DNA unwinding by Mcm4/6/7 is inhibited by the GC-rich sequences on the duplex segment
Our results indicate that thymine-rich single-stranded DNA is required for initial loading and activation of the Mcm helicase. However, it is not known whether thymine sequences are required for processive unwinding of duplex DNA. Therefore, we have examined whether the nucleotide composition of the duplex region affects its unwinding activity. To address this issue, we constructed a series of T-tailed Y-fork structures (T-fork) containing various sequences in the duplex segment. They carried varied contents of cytosine residues on the 3′-tail strand. In gel shift assays, Mcm4/6/7 bound to these Y-fork substrates with identical affinity (Figure 8A), consistent with the notion that the Mcm4/6/7 binds to single-stranded tails. However, in DNA helicase assays, T-fork/(C:G)49 was hardly displaced by Mcm4/6/7, but was readily displaced by SV40 T-antigen DNA helicase (Figure 8B). When thymine or adenine is inserted as every third nucleotide (repeats of CCT or CCA), the extent of unwinding increased (T-fork/(CCT:GGA)16 and T-fork/(CCA:GGT)16). The efficiency of unwinding is roughly correlated with the content of GC pairs in the duplex segment [T-fork/(CCAA:GGTT)12, T-fork/(CCTT:GGAA)12, T-fork/(CAAA:GTTT)12 and T-fork/(CTTT:GAAA)12; Figure 8B]. It appears that the duplex segment containing <50% GC pairs is efficiently unwound (Figure 8C).

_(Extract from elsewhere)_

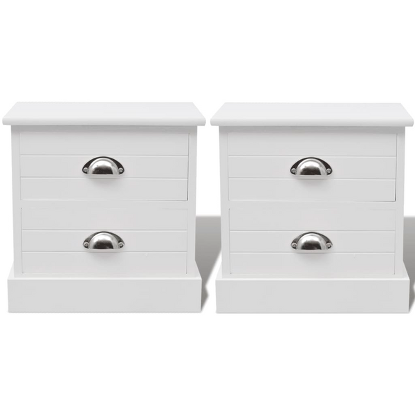 These classic bedside cabinets in a French country house style will add a touch of rustic charm to your bedroom, living space or lounge room. They can also be used as telephone stands, side cabinets, small cabinets, drawer cabinets, storage cabinets, nightstands, night cabinets, bedroom cabinets, end tables, end cabinets, etc. These compact cabinets each have 2 smoothly running drawers, which provide ample space for keeping smaller items organised and within reach. Made of high-quality materials, the cabinets are very durable. Delivery includes 2 bedside cabinets.

We next examined the effect of GC-rich segments on a partial heteroduplex DNA on a single-stranded circular DNA. We have constructed two sets of 5′-tailed partial heteroduplex DNA substrates containing duplex regions of variable lengths; one on M13mp18 vector and the other on M13mp19 containing a 66 nt long G-rich segment downstream of the hybridizing oligonucleotide. We found that the Mcm4/6/7 helicase can displace duplex DNA up to 350 nt long on its own on the former substrate (Figure 8D, left), consistent with previous results (13). In contrast, displacement was inhibited over the GC-rich segments on the latter substrate (Figure 8D, right panel), although displacement up to 250 nt in length, albeit at a reduced level, was observed at a high concentration of Mcm4/6/7 complex. This result is consistent with that on Y-fork and indicates that GC-rich duplex segment is inhibitory for unwinding by the Mcm helicase. These results may indicate that the presence of thymine–adenine pairs with a certain frequency in the duplex region may facilitate continuous unwinding by Mcm4/6/7. Alternatively, Mcm4/6/7 is not efficient enough to displace thermodynamically stable GC-base-paired segment.
In order to distinguish these two possibilities, we designed a new T-fork substrate containing inosine (I) residue instead of guanosine residue. The thermal stability of the I:C base pair is lower than that of the G:C base pair in duplex DNA due to loss of one hydrogen bond and is even lower than A:T base pair (31). We constructed the T-tailed fork substrates containing the (GCC:CGG)10, (GCC:CIG)10 or (GAA:CTT)10 duplex DNA segment (Figure 8E). Mcm4/6/7 hardly displaced the 31 nt long duplex of GCC:CGG repeats, whereas the T-fork/(GAA:CTT)10 was displaced efficiently, as described above. T-fork/(GCC:CIG)10 was displaced with efficiency much greater than that of T-fork/(GCC:CGG)10, indicating that the thermostability of the duplex segment, not the lack of AT base pair, is responsible for inability of Mcm4/6/7 to displace the duplex.